─── Source records

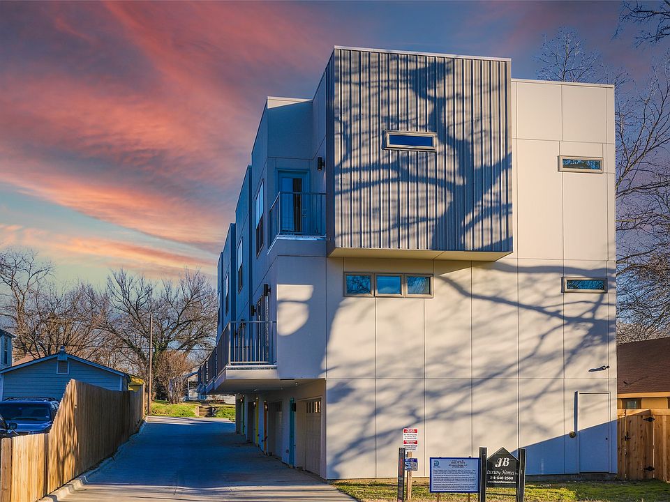 Rare new construction Investor Opportunity near the UTSW Medical District, the Design District in quickly transitioning prime area. These 4 residences have spacious and open second flr living areas with large quartz covered kitchen islands and a private balconies with large windows. The third level has 2 BRs and baths. Access roof top deck w city views off the 4th floor stairs that offers spacious outdoor living with easy access from inside. The first levels have a small nook behind the the stairs that would be an ideal computer work area or simply additional storage and 2 car attached garages. Unique high efficiency HVAC units can pinpoint areas to heat and the cool the interiors by room. March completion.
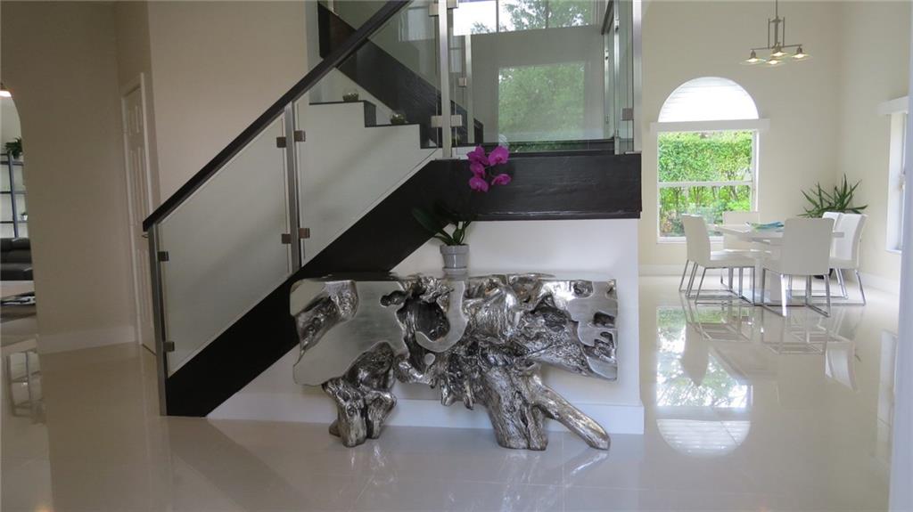 Beautiful contemporary home remodeled with top of the line finishes. Features include a neutral decor, 31" porcelain tile and dark bamboo flooring, remote control Hunter Douglas Silhouettes & a stunning glass & Stainless steel staircase !! The kitchen offer 42" high gloss wood cabinets, SS back splash & kick plate, white quartz counter top, high end SS appliances ! Accordion shutters located on a tropically landscaped lot !! Must see it to believe it, you will fall in love with this house the 4th bedroom has been converted in a office
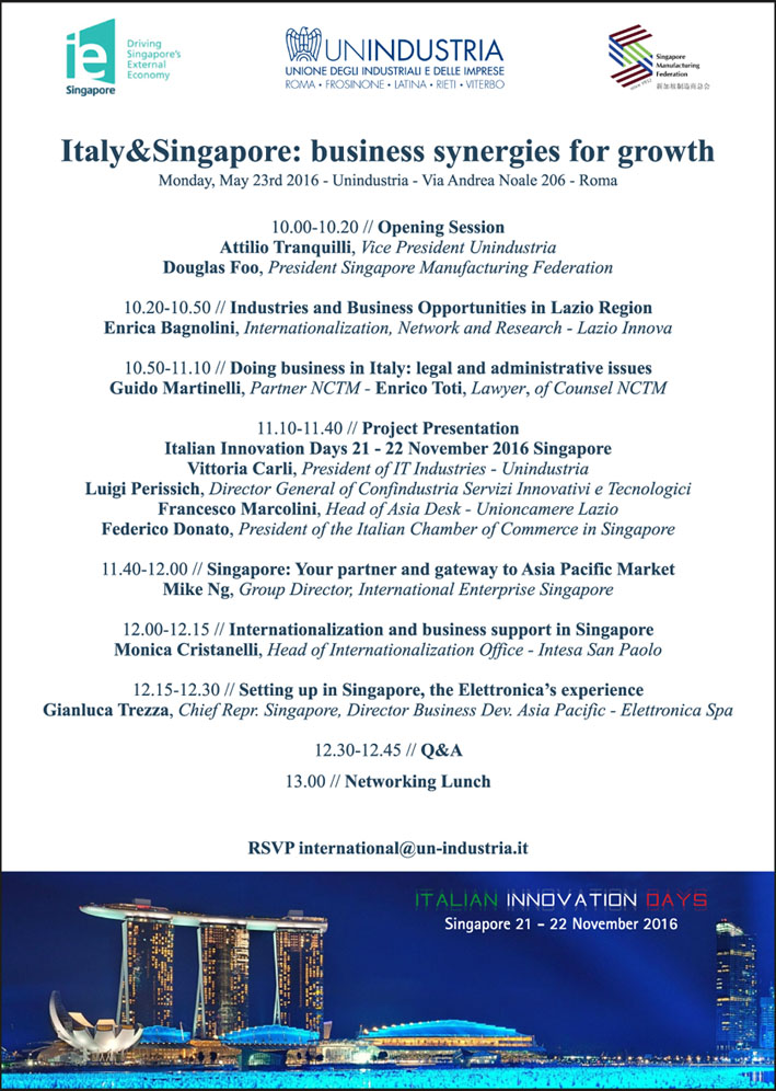 L’incontro si terrà Lunedì 23 Maggio alle ore 10,00 in Unindustria (Via Andrea Noale 206), ed ha l’obiettivo di presentare il quadro dello sviluppo economico e del business in Italia e a Singapore, per identificare potenziali opportunità di investimento, ricerca di partnership o joint-venture con imprese italiane che hanno interessi nel Sud est asiatico.
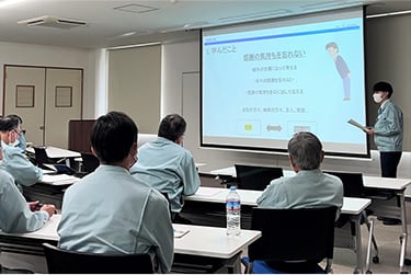 現場には多くの危険が潜んでいますので、労働者の安全意識を高めるためのプログラムを組み込んで実施しています。
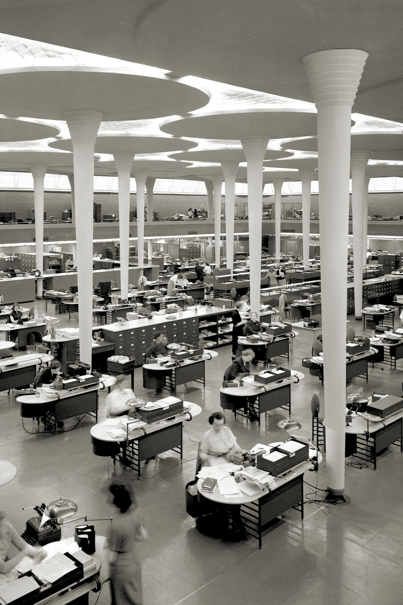 AE Interests: 43 miles of glass Pyrex tubing forms windows; 200 special shapes of Cherokee Red brick used for interior/exterior walls; the columns in the Great Workroom, referred to as “lily pads;” columns are 9 inches in diameter at the base, 18.5 ft in diameter at the top; the research tower is supported by a central core that extends 54 feet into the ground.
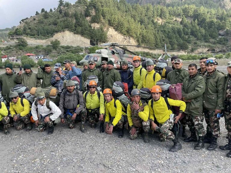 मुस्ताङ, १६ जेष्ठ । तारा एअरको जहाज दुर्घटनास्थलमा नेपाली सेना र प्रहरीसहितको उद्धार टोली पुगेको छ ।
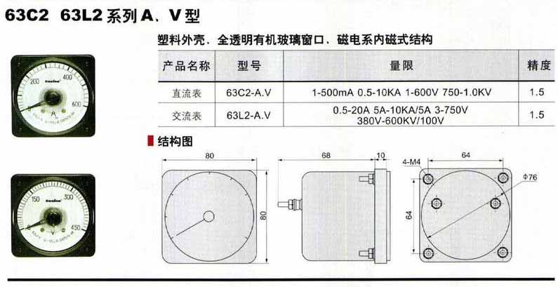 63C2,63L2系列A,V型面板儀表
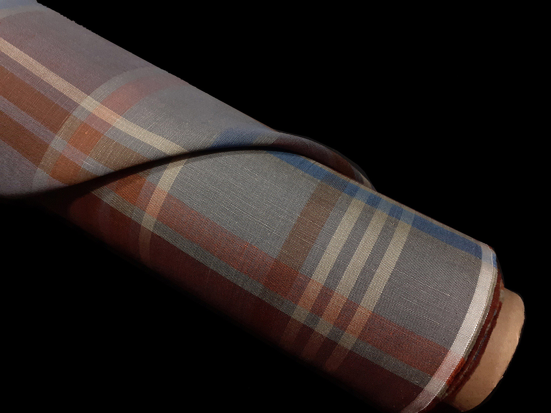 Tessuto in lino e cotone motivo a righe e quadri.Solbiati
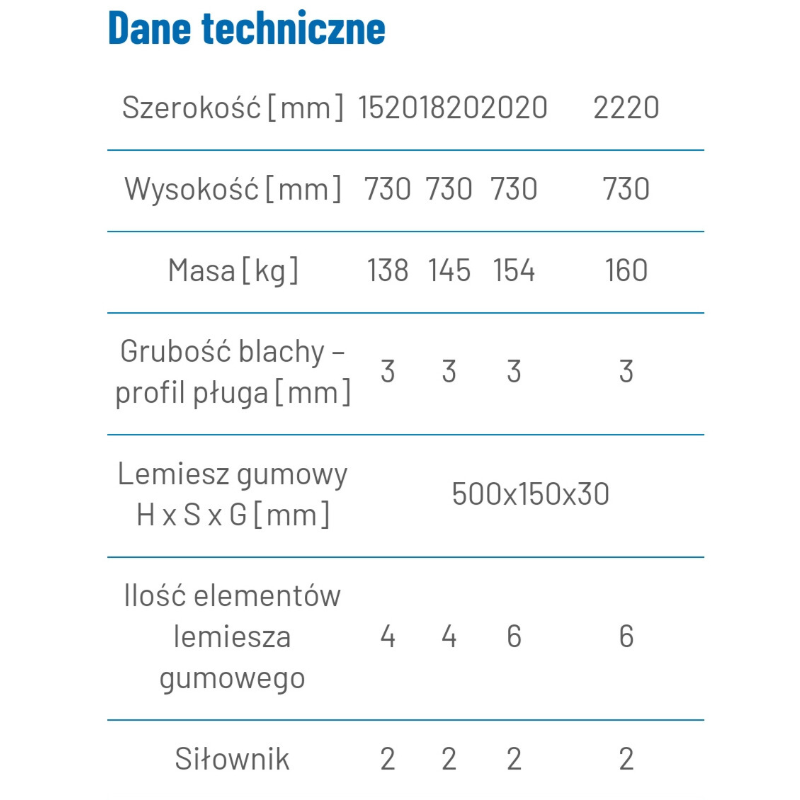 Na dole pługu znajduje się gumowy lemiesz. Dzielona guma na lemieszu pozwala na wymianę tylko zużytych części, co znacząco obniża koszty eksploatacji. Na bezpieczeństwo operatora wpływa również wbudowane oświetlenie. Umożliwia to bezpieczną pracę nawet po zapadnięciu zmroku.
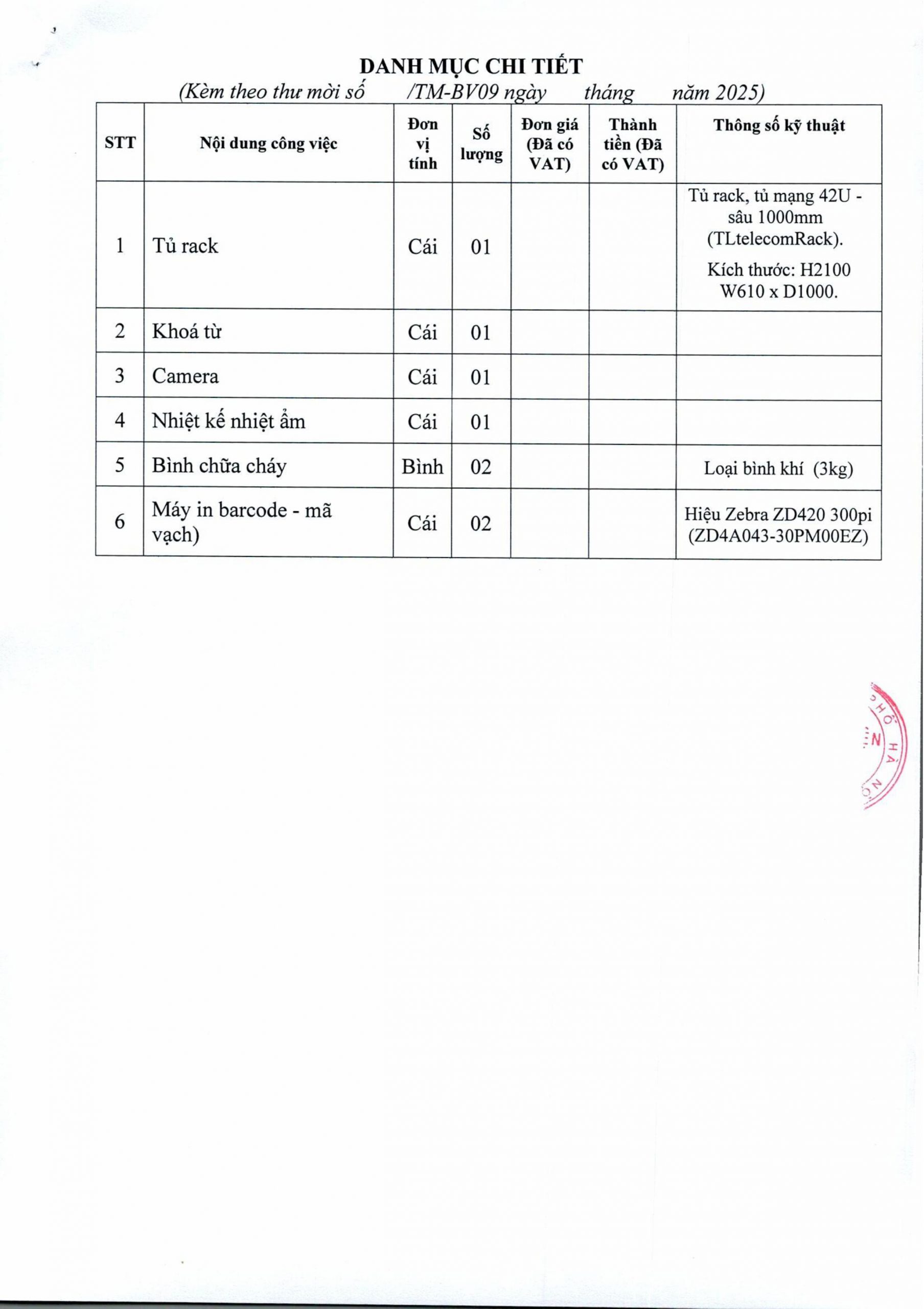 Thư mời báo giá: “Thẩm định giá gói thầu thuộc kế hoạch lưa chọn nhà thầu gói Mua sắm trang thiết bị y tế năm 2025 của Bệnh viện 09”
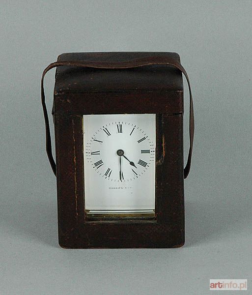w prostopadłościennej, mosiężnej obudowie, oszklonej z 4 stron, z owalnym oszklonym otworem u góry, tu także ruchomy uchwyt; front prostokątny, emaliowany, biały, krąg minut i rzymskich cyfr godzin czarny, pod nim napis cyrylicą: Paweł Bure (częściowo zatarty), wskazówki czernione; mechanizm z naciągiem sprężynowym, wychwytem kotwicznym i regulatorem balansowym, wsparty na dwóch pionowych, mosiężnych płytach, na odwrocie: nr 19476 oraz wyciskane ozn. forma stożka o falistych bokach (?).
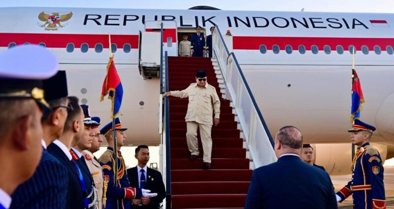 SUARANEWS86.COM || Presiden Republik Indonesia, Prabowo Subianto Tiba di Bandar Udara Internasional Sharm El-Sheikh, Republik Arab Mesir untuk menghadiri Konferensi Tingkat Tinggi (KTT) Perdamaian Sharm El-Sheikh pada Senin, 13 Oktober 2025.
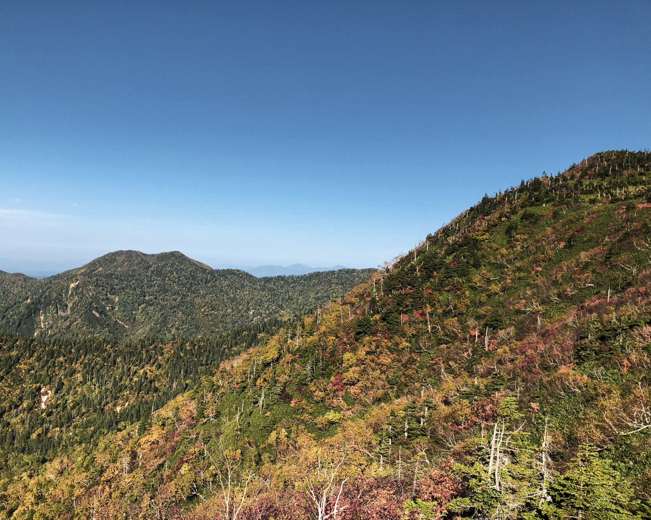 そう話すと、男性は満足そうな笑みでゆっくりと登山道に歩いて行った。紅葉シーズンの苗場山は近隣の登山者から大人気なのだろう。3合目から山頂までは5kmもない。2時間もあれば着いてしまうだろう。時刻は11時ちょうど。急ぐ必要もない。ゆっくりと旅の終わりを味わいながら登るとしよう。

──────

Description of the task
Reproduce all the entries above exactly. Include no images.

Solution for this exercise
 Rare new construction Investor Opportunity near the UTSW Medical District, the Design District in quickly transitioning prime area. These 4 residences have spacious and open second flr living areas with large quartz covered kitchen islands and a private balconies with large windows. The third level has 2 BRs and baths. Access roof top deck w city views off the 4th floor stairs that offers spacious outdoor living with easy access from inside. The first levels have a small nook behind the the stairs that would be an ideal computer work area or simply additional storage and 2 car attached garages. Unique high efficiency HVAC units can pinpoint areas to heat and the cool the interiors by room. March completion.
 Beautiful contemporary home remodeled with top of the line finishes. Features include a neutral decor, 31" porcelain tile and dark bamboo flooring, remote control Hunter Douglas Silhouettes & a stunning glass & Stainless steel staircase !! The kitchen offer 42" high gloss wood cabinets, SS back splash & kick plate, white quartz counter top, high end SS appliances ! Accordion shutters located on a tropically landscaped lot !! Must see it to believe it, you will fall in love with this house the 4th bedroom has been converted in a office
 L’incontro si terrà Lunedì 23 Maggio alle ore 10,00 in Unindustria (Via Andrea Noale 206), ed ha l’obiettivo di presentare il quadro dello sviluppo economico e del business in Italia e a Singapore, per identificare potenziali opportunità di investimento, ricerca di partnership o joint-venture con imprese italiane che hanno interessi nel Sud est asiatico.
 現場には多くの危険が潜んでいますので、労働者の安全意識を高めるためのプログラムを組み込んで実施しています。
 AE Interests: 43 miles of glass Pyrex tubing forms windows; 200 special shapes of Cherokee Red brick used for interior/exterior walls; the columns in the Great Workroom, referred to as “lily pads;” columns are 9 inches in diameter at the base, 18.5 ft in diameter at the top; the research tower is supported by a central core that extends 54 feet into the ground.
 मुस्ताङ, १६ जेष्ठ । तारा एअरको जहाज दुर्घटनास्थलमा नेपाली सेना र प्रहरीसहितको उद्धार टोली पुगेको छ ।
 63C2,63L2系列A,V型面板儀表
 Tessuto in lino e cotone motivo a righe e quadri.Solbiati
 Na dole pługu znajduje się gumowy lemiesz. Dzielona guma na lemieszu pozwala na wymianę tylko zużytych części, co znacząco obniża koszty eksploatacji. Na bezpieczeństwo operatora wpływa również wbudowane oświetlenie. Umożliwia to bezpieczną pracę nawet po zapadnięciu zmroku.
 Thư mời báo giá: “Thẩm định giá gói thầu thuộc kế hoạch lưa chọn nhà thầu gói Mua sắm trang thiết bị y tế năm 2025 của Bệnh viện 09”
w prostopadłościennej, mosiężnej obudowie, oszklonej z 4 stron, z owalnym oszklonym otworem u góry, tu także ruchomy uchwyt; front prostokątny, emaliowany, biały, krąg minut i rzymskich cyfr godzin czarny, pod nim napis cyrylicą: Paweł Bure (częściowo zatarty), wskazówki czernione; mechanizm z naciągiem sprężynowym, wychwytem kotwicznym i regulatorem balansowym, wsparty na dwóch pionowych, mosiężnych płytach, na odwrocie: nr 19476 oraz wyciskane ozn. forma stożka o falistych bokach (?).
 SUARANEWS86.COM || Presiden Republik Indonesia, Prabowo Subianto Tiba di Bandar Udara Internasional Sharm El-Sheikh, Republik Arab Mesir untuk menghadiri Konferensi Tingkat Tinggi (KTT) Perdamaian Sharm El-Sheikh pada Senin, 13 Oktober 2025.
 そう話すと、男性は満足そうな笑みでゆっくりと登山道に歩いて行った。紅葉シーズンの苗場山は近隣の登山者から大人気なのだろう。3合目から山頂までは5kmもない。2時間もあれば着いてしまうだろう。時刻は11時ちょうど。急ぐ必要もない。ゆっくりと旅の終わりを味わいながら登るとしよう。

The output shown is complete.